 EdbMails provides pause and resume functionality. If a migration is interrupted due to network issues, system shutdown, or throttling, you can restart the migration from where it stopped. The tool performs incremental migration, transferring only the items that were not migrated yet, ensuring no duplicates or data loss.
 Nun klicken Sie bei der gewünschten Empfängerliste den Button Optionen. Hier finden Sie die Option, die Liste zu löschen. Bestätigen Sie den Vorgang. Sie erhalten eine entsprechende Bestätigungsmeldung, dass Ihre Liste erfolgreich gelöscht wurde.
...
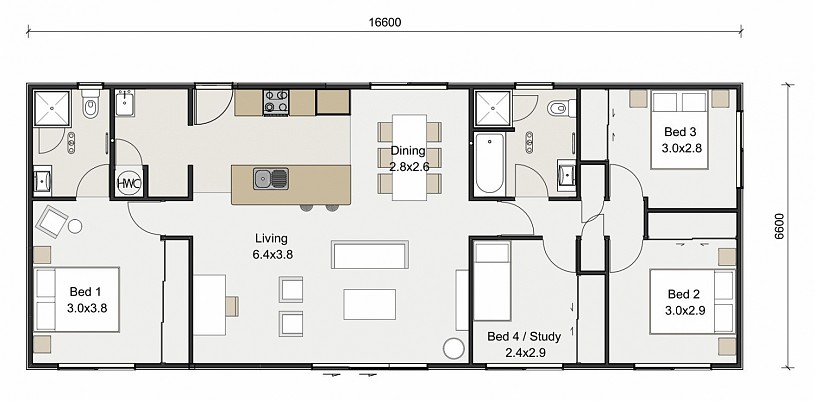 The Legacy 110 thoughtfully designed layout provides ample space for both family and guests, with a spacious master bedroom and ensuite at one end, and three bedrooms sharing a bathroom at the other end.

--- REQUIRED WORK ---
Reproduce the entries above exactly, but only the lines between the line holding "EdbMails provides pause" and the line holding "Nun klicken Sie", inclusive.

--- SOLUTION TO THIS TASK ---
 EdbMails provides pause and resume functionality. If a migration is interrupted due to network issues, system shutdown, or throttling, you can restart the migration from where it stopped. The tool performs incremental migration, transferring only the items that were not migrated yet, ensuring no duplicates or data loss.
 Nun klicken Sie bei der gewünschten Empfängerliste den Button Optionen. Hier finden Sie die Option, die Liste zu löschen. Bestätigen Sie den Vorgang. Sie erhalten eine entsprechende Bestätigungsmeldung, dass Ihre Liste erfolgreich gelöscht wurde.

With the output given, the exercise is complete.